Consumption taxes incentivize reducing waste and is pro environment. Isn't that what California is about?
>people acquire it just for the sake of acquiring more and building their personal power. It seems that wealth is used to build more mechanisms of rent-seeking to further extract money from people who make their money through labor.
So why are you a proponent of earned income taxes? Those hit people who make their money through labor. What you want is land value taxes, those hit people who make money through rent seeking (including tech companies whose assets sit on valuable land).
You can also reduce or eliminate the tax on essentials like groceries.
Wealthy progressives don’t like it because many of them hold a huge portion of their wealth in housing. They imagine that they can somehow fix inequality without fixing distortions in the housing market.
No one tax "solves" the problem. The problem, as I see it, is wealth hoarding beyond what any normal person would need to carry them through to the end of life. Instead of listing everything we should tax, maybe it'd be shorter to say that we look at what billionaires do to avoid taxes and close those loopholes. Then watching them again, and every time they come up with a new tax evasion strategy, fix it.
I wish I had the resources to develop an AI system that could find and document all instances of tax evasion by billionaires. But if I did that, I suspect I would need to be extra careful crossing streets, going near balconies, and reminding people that I'm not suicidal.
All wealth sits on land, and all land is already constantly appraised and subject to land value tax. It would be a trivial change to collect marginal land value tax rates using beneficial ownership.
As an additional benefit, the income tax return, which enables a ton of corruption at worst, and time waste at best, is gotten rid of.
Yours?
> normal societal expectation
Lol. Which society are you living in?
> Yours?
About $300. I'm not the one shaming people about their house costing more than their charity.
My lifetime giving is more than I paid for my current house. The house in discussion for him is just one of how many that he owns? Or how many boats that count as 'second homes' under tax rules? Also consider he has paid for the entirely of this house, the average person giving 5-10% hasn't come close to paying for their house, so you need to go based off the 'already paid' amount. Also their home would be their largest asset, so going by that his largest asset for comparison would be his stock holdings, an order of magnitude larger than the cost of one of his homes.
Old boy is a billionaire, not a rando, and has proven he has zero shame. Despite starting their companies with techno-optimist claims, the robber barons had more shame/were more decent people/supported society more than the average tech billionaire.
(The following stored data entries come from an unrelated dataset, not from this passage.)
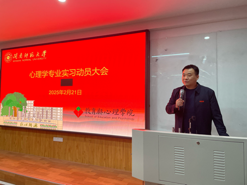 为进一步加强心理学专业学生的实践能力,促进理论与实践的结合,我院心理学专业于2月21日晚上在逸夫楼405召开专业实习动员大会。刘磊副院长、各实习分队指导老师、辅导员陈钰煌和王文伟、本学期实习的2022级心理学专业本科生及2023级应用心理专业硕士研究生参加大会,动员会由心理学系副主任陈志英主持。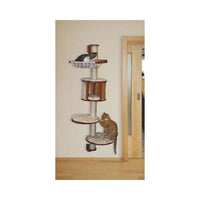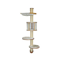 Die Liegeflächen des Kratzbaumes bestehen aus Holz und sind mit Plüschkissen ausgestattet. Das Sisal ist an den Säulen verklebt.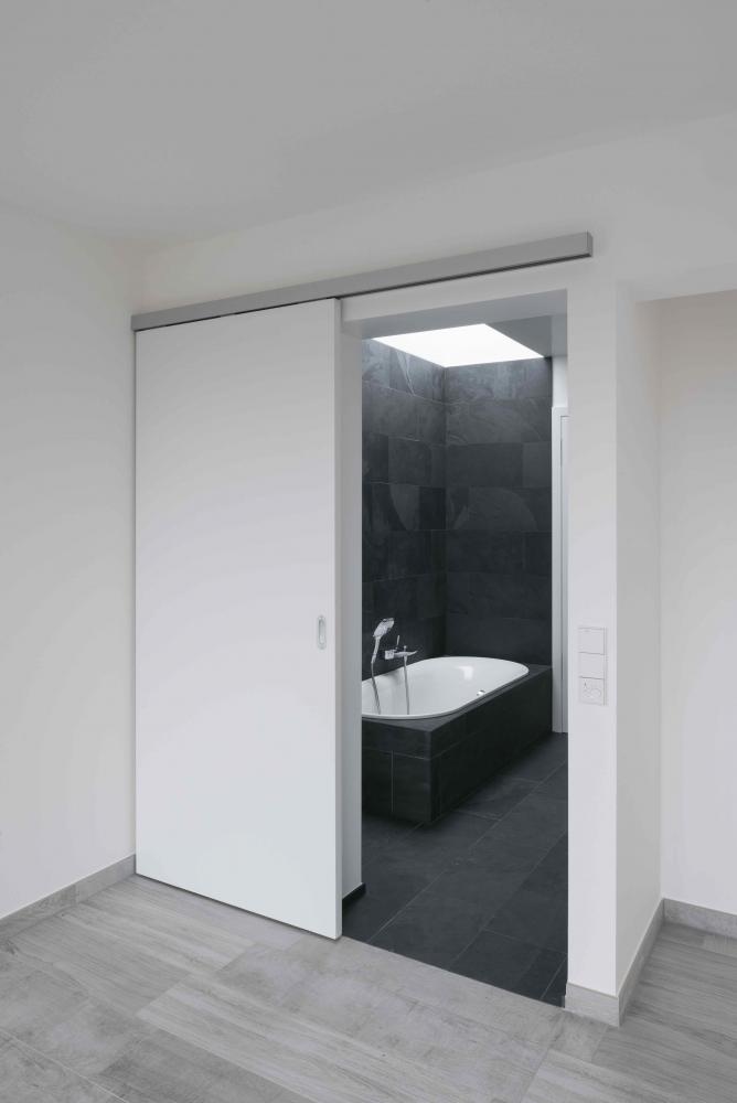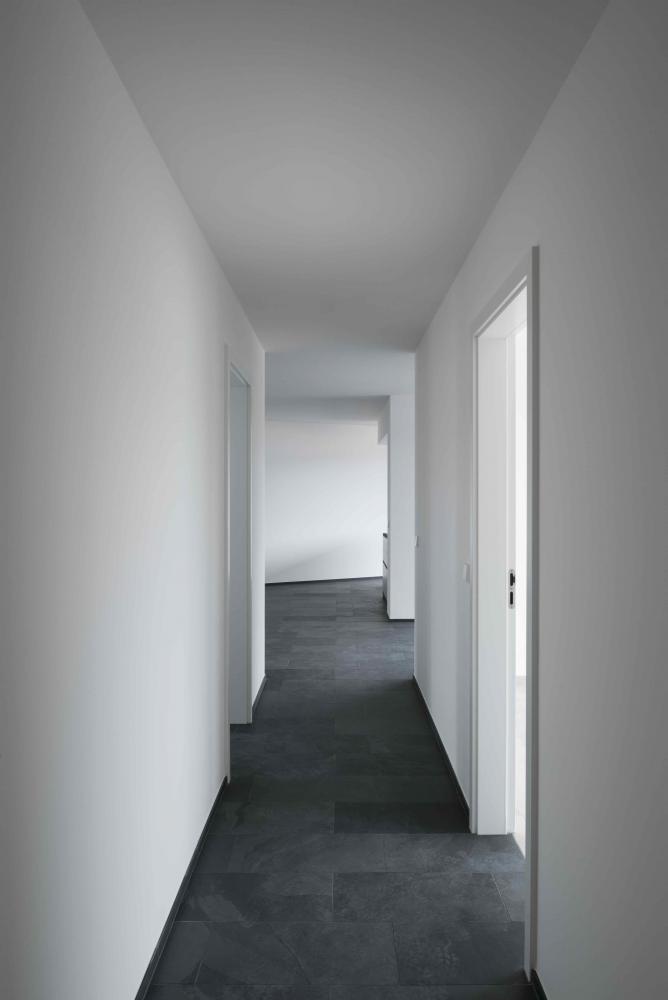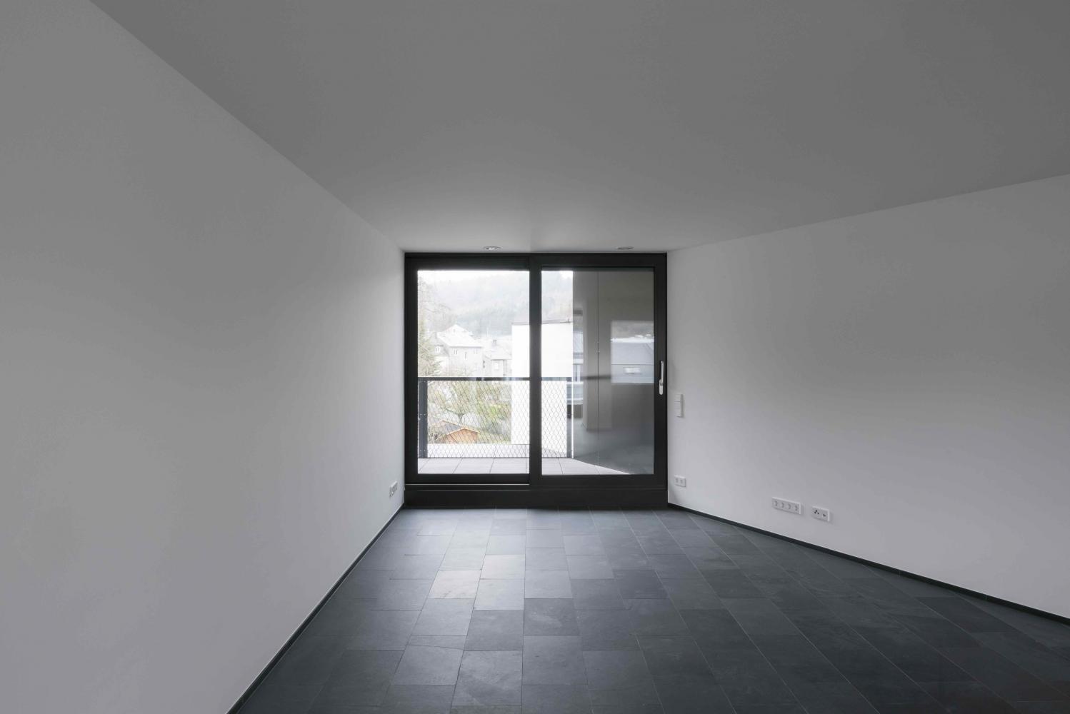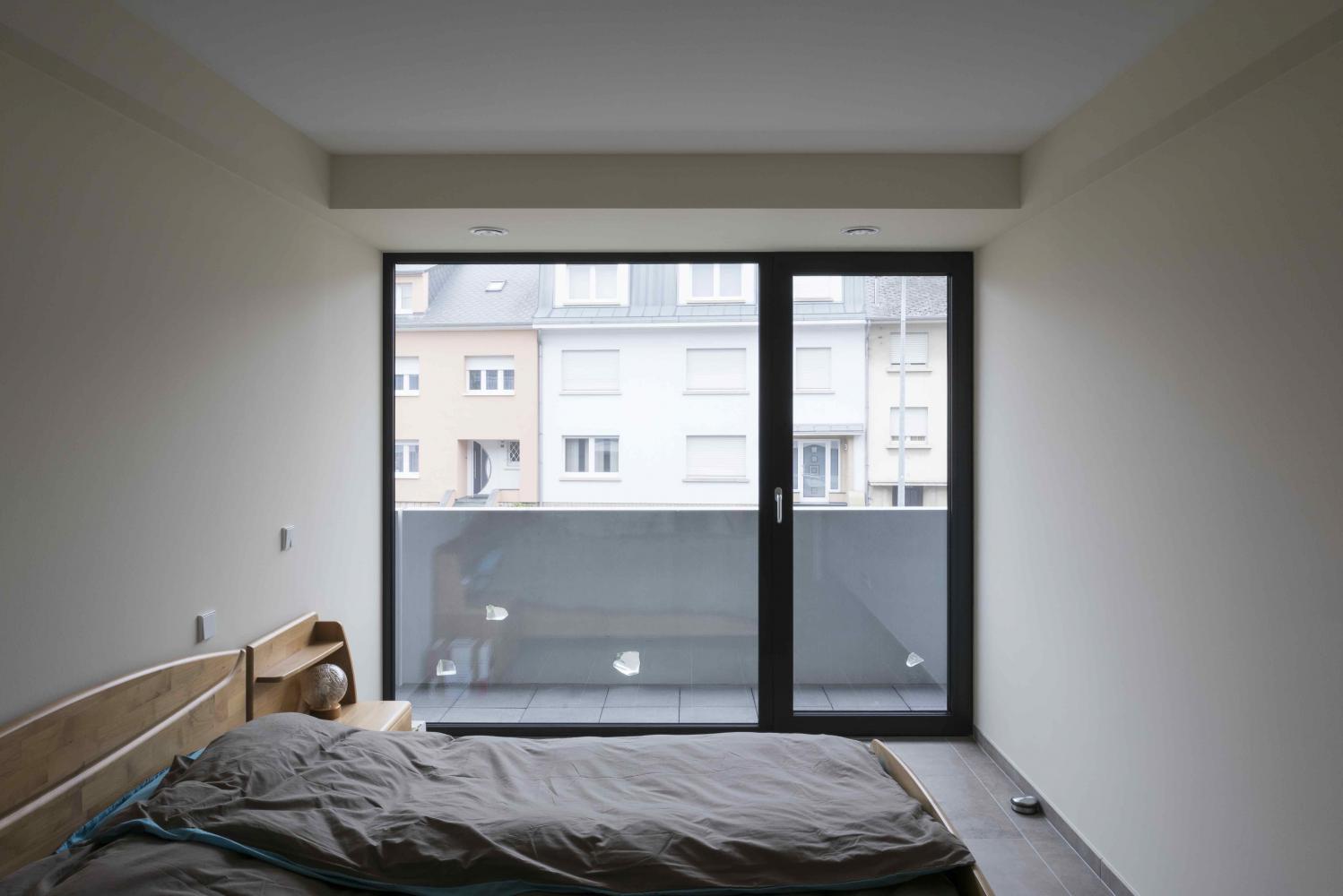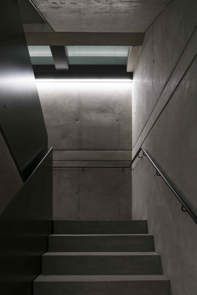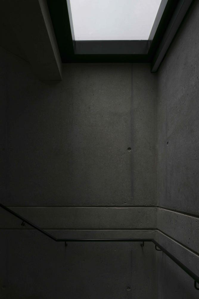 Shared circulation spaces are compressed to a vital minimum at the center of the building, lit by a skylight and glass landings in the staircase.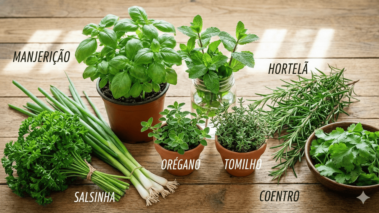 Quando a temperatura sobe, hortelã, manjericão, coentro, salsinha, alecrim e cebolinha tendem a aparecer mais nas receitas. Usadas frescas, elas ficam mais suaves, perfumadas e ajudam a deixar as refeições menos pesadas, algo essencial quando o calor já está intenso.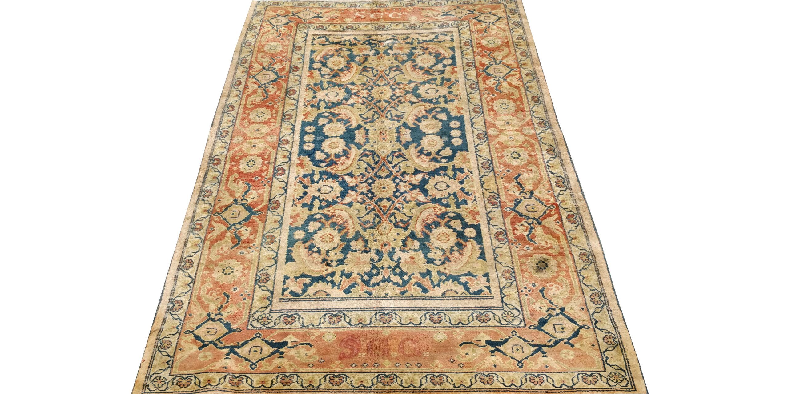 5×7 Teal Blue Semi Antique Oushak Rug
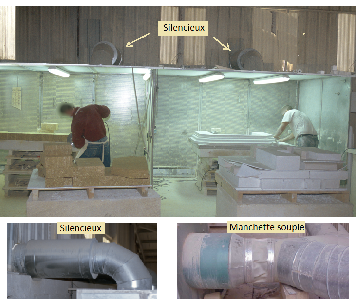 Le bruit généré par l’installation d'un dispositif de ventilation pour le captage des poussières dans deux cabines de taille de la pierre est trop élevé.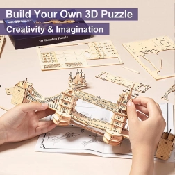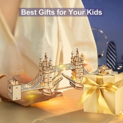 Entdecken Sie die Atmosphäre Londons mit einem realistischen Tower-Bridge-Modell aus hochwertigem Sperrholz. Die Teile greifen präzise ineinander, wodurch der Aufbau flüssig und unterhaltsam ist. Die integrierte LED-Beleuchtung verleiht dem fertigen Bau abends eine gemütliche Note und hebt die durchdachten architektonischen Details hervor.

Reminder that the Republican policy for 40 years has been to 'starve the beast' and in other ways sabotage government programs so that exactly your argument can be presented. Prior to that intentional sabotage by Republicans and aligned political partisans against the United States we had much less fraudulent and wasteful government. When half of the politicians/oversite/management ACTIVELY wants government (and by extension the country) to fail and engage in policies intended to created failure in the government, it's hard to have effective government.
No I am a leave people alone that are not harming me. I am not envious and I am not a power tripper. If I want to help those in need then I will push my government to cut programs. Governments do not help those in need as they have no incentive to do so. They will pocket the money as they do every ... single ... damn ... time. This never changes and never will.